> **WHAT YOU SHOULD DO**: Reproduce exactly the line containing "White Gold Dipped" and every line after it, through the last line of the records below; add nothing.

[Dataset records]
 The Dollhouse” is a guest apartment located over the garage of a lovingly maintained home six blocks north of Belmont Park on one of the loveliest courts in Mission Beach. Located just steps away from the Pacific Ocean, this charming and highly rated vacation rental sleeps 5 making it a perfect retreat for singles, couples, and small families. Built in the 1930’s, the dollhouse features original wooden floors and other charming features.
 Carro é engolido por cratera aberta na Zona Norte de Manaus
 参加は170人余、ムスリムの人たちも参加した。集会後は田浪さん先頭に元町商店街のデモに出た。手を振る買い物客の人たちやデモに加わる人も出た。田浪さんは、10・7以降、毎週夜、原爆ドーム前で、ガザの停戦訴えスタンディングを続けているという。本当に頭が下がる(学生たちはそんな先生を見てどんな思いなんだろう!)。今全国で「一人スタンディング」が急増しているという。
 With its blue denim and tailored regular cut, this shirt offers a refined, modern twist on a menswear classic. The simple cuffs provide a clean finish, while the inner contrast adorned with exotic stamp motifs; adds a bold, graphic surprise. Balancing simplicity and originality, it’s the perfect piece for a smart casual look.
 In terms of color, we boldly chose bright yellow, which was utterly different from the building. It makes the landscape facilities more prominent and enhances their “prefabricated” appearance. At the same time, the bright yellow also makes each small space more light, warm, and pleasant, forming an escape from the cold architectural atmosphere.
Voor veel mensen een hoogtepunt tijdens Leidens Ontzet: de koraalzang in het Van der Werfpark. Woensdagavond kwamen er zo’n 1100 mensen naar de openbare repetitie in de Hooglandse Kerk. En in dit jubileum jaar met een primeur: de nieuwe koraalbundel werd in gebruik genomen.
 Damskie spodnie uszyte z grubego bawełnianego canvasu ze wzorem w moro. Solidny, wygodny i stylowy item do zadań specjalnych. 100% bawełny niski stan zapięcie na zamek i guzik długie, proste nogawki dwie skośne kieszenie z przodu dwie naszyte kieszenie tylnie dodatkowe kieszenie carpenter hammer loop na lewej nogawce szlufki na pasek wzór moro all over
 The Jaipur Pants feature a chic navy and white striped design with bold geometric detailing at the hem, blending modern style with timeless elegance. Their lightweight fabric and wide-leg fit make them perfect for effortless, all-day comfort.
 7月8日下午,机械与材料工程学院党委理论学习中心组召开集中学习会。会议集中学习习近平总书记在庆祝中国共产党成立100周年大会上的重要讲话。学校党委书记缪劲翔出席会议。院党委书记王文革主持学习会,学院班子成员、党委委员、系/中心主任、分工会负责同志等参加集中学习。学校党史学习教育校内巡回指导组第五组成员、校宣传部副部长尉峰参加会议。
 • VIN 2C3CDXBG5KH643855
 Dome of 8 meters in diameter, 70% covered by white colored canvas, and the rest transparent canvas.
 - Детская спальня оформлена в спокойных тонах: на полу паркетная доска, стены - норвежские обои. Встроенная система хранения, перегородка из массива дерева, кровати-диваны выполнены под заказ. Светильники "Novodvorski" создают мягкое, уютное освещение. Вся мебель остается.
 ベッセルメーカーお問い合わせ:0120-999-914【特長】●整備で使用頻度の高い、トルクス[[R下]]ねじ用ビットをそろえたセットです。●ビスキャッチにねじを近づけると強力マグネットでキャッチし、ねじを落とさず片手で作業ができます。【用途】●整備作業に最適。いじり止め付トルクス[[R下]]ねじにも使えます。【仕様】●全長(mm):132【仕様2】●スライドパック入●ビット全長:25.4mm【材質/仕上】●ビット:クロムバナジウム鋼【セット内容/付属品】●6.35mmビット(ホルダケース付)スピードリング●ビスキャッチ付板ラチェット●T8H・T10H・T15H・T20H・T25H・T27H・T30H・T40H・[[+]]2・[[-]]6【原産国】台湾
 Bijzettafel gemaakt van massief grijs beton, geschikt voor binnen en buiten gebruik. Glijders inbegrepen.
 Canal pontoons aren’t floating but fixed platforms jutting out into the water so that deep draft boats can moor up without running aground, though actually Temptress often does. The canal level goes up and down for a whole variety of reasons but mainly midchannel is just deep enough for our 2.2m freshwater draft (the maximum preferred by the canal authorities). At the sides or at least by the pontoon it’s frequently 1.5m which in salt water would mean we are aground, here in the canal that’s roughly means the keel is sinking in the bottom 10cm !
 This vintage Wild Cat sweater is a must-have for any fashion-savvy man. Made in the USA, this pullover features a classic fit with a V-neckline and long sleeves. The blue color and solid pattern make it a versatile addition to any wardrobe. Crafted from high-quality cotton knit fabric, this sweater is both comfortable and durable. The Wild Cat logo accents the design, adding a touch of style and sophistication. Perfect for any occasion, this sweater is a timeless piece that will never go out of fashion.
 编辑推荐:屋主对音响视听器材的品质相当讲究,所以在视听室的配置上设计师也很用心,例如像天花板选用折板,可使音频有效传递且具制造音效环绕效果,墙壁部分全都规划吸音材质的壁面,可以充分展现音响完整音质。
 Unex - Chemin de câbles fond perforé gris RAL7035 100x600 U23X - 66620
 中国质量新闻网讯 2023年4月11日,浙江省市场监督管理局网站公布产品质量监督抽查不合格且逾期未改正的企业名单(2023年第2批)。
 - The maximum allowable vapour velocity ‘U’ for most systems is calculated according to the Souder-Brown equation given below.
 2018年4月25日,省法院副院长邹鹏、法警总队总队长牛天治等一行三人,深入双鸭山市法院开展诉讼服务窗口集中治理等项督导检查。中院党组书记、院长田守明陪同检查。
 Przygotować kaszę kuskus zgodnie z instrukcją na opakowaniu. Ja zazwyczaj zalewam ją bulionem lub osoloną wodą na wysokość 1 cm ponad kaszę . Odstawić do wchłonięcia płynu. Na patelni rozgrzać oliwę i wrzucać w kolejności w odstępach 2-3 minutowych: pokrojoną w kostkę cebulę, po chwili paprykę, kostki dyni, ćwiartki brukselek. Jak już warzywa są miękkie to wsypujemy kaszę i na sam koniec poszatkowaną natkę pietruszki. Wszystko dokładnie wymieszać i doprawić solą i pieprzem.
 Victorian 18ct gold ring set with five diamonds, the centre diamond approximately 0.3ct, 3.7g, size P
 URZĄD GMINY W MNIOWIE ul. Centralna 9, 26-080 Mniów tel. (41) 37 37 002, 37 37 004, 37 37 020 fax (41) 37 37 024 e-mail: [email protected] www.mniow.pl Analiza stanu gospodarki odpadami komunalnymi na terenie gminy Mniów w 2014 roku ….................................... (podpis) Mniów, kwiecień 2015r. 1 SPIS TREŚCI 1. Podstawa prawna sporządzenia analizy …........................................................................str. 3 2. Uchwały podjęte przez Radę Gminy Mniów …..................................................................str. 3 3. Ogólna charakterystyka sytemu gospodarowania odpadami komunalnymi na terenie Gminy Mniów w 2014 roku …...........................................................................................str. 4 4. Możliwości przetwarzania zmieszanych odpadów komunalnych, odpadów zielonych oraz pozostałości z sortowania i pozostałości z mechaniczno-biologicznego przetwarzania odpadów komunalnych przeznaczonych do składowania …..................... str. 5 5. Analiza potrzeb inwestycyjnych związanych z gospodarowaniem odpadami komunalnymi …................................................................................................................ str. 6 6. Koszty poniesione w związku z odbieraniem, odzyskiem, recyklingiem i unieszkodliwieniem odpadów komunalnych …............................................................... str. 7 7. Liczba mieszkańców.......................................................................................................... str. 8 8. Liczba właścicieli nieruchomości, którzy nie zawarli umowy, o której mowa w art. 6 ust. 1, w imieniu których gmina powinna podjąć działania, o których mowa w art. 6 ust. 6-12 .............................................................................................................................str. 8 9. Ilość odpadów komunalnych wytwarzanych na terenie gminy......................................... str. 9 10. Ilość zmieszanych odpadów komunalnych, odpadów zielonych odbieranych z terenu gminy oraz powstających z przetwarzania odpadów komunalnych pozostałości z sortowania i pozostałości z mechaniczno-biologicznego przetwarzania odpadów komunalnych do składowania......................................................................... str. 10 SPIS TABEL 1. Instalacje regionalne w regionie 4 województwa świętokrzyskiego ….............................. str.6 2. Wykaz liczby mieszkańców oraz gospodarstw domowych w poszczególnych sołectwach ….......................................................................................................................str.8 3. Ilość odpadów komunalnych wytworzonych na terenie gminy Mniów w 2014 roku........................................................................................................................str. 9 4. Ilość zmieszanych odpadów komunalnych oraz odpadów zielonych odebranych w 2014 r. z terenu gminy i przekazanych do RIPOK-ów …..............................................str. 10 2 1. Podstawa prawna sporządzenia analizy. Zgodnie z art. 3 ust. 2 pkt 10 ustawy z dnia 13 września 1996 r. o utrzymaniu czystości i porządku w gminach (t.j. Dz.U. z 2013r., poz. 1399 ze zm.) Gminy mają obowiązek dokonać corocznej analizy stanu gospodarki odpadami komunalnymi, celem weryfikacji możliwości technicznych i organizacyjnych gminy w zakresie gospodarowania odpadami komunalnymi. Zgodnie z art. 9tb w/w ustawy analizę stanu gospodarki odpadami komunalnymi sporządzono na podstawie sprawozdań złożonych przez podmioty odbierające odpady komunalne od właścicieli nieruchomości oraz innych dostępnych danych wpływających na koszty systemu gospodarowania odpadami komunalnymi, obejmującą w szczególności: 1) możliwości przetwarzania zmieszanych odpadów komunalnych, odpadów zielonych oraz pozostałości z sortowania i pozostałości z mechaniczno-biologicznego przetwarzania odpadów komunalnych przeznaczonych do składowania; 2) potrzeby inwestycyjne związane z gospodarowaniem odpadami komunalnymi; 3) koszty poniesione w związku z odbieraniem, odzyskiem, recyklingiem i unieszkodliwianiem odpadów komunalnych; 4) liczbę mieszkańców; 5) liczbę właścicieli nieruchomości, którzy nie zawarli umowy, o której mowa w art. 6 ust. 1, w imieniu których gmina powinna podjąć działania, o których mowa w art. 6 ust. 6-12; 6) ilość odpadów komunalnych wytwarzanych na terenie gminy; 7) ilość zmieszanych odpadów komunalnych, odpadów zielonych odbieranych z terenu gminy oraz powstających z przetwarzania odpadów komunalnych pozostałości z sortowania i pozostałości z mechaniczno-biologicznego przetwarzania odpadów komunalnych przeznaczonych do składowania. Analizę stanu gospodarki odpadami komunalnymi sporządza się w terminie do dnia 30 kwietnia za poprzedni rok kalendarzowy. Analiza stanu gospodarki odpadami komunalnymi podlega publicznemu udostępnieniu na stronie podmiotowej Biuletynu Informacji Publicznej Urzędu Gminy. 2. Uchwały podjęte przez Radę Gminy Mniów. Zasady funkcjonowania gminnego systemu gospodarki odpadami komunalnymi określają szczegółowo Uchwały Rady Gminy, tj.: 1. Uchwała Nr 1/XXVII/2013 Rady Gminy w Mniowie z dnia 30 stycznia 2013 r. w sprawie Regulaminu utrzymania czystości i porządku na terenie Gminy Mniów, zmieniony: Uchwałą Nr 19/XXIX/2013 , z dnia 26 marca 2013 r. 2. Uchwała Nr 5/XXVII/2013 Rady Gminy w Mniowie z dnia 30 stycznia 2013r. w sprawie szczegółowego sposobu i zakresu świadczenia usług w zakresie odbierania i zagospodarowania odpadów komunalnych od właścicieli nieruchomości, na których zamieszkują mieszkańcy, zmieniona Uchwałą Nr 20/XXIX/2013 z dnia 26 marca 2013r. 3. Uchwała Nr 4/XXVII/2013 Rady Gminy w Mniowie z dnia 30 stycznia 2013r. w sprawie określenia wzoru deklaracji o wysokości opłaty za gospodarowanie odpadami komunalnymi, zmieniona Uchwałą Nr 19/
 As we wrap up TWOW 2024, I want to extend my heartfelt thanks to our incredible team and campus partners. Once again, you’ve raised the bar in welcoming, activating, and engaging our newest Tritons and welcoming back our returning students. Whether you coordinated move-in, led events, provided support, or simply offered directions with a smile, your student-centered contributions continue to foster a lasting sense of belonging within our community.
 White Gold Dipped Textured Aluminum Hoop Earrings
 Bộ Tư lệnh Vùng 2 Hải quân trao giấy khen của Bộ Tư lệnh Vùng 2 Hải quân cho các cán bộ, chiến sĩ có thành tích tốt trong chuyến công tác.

> **RESULT OF THE EXERCISE**:
 White Gold Dipped Textured Aluminum Hoop Earrings
 Bộ Tư lệnh Vùng 2 Hải quân trao giấy khen của Bộ Tư lệnh Vùng 2 Hải quân cho các cán bộ, chiến sĩ có thành tích tốt trong chuyến công tác.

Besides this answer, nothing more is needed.